The problem is she doesn’t let us know if she needs out at night and my mother is a super light sleeper so keeps an ear out for her (she’s very vocal if it’s the case during the day). Last night I Iet her stay in my bed (not done every night I try to keep it a treat) and I woke her up accidentally while tossing at 2am. She got out of my bed and went downstairs which I assumed I had annoyed her. I listened carefully to see if I could hear anything but nothing. About 2 minutes later she came back up and went under the covers. I was suspicious and went down to see she’d pooped. I called her down and told her off (gently) showed her poop in the bag and put it out in the bin. She knew what she’d down and hid behind the sofa. She then snuck back upstairs and I found her in my bed again. I removed her and sent her back down. What I’m annoyed at is she didn’t alert me to needing out or made any noises (she yelps at me if she needs out during the day) and just came straight back to my bed after, she only appeared guilty when I told her off. 
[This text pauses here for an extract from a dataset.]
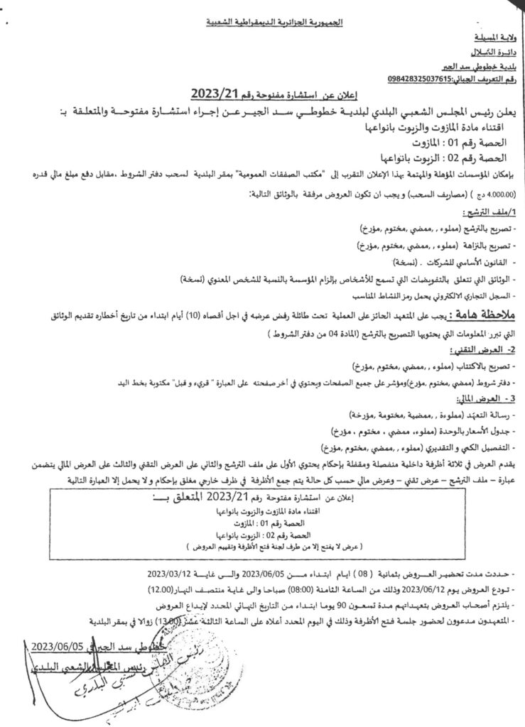 استشارة مفتوحة والمتعلقة بـ : اقتناء مادة المازوت والزيوت بأنواعها11 يونيو، 20230 0 شاركها فيسبوك X مشاركة عبر البريد طباعة

I’m visiting from abroad for a while and trying to help my parents work this out before I leave as it’s really stressing my parents out!


----------



## ElisabethMcC (Feb 28, 2018)

I should have added my parents only want to use crate training as a very last resort as she has never been in or around one before and we’ve never had to use one with any previous dogs (including the same breed)


----------



## JoanneF (Feb 1, 2016)

When a dog has been scolded, even quite gently, for toileting in the house, they can learn to fear the humans' reaction to their toilet so create opportunities to sneak off and do it in private.



ElisabethMcC said:


> I called her down and told her off (gently) showed her poop in the bag and put it out in the bin. She knew what she'd down and hid behind the sofa.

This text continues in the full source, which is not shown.